# [YOUR TASK]
In the listing that follows, the lines starting at the one containing "Spare die for CRIMPFOX-RC 10" and ending at the one containing "3.0 X 7/8 REMOTE RESERVOIR" are to be returned exactly, both boundary lines included, and no others.

# [INFORMATION GIVEN]
--

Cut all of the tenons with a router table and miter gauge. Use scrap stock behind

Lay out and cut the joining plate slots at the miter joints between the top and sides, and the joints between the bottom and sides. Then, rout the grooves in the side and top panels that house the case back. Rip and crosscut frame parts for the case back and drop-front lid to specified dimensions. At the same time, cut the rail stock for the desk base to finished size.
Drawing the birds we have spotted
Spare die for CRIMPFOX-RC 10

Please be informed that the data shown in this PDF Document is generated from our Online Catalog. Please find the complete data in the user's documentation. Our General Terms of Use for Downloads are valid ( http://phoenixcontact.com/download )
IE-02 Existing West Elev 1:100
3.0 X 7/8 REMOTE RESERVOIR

--

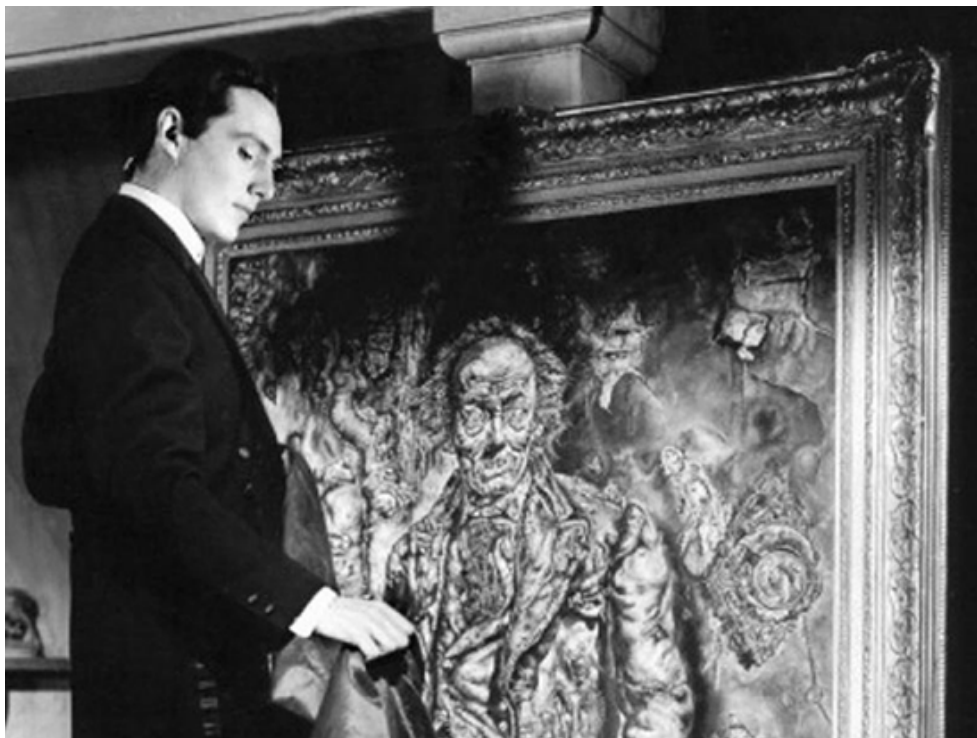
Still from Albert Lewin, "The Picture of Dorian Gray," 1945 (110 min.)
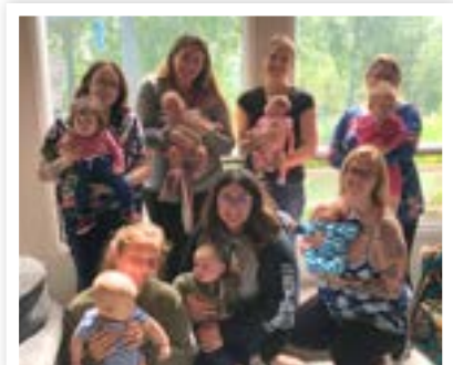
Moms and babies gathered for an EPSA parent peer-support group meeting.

--

# [ANSWER TO THIS PROBLEM]
Spare die for CRIMPFOX-RC 10

Please be informed that the data shown in this PDF Document is generated from our Online Catalog. Please find the complete data in the user's documentation. Our General Terms of Use for Downloads are valid ( http://phoenixcontact.com/download )
IE-02 Existing West Elev 1:100
3.0 X 7/8 REMOTE RESERVOIR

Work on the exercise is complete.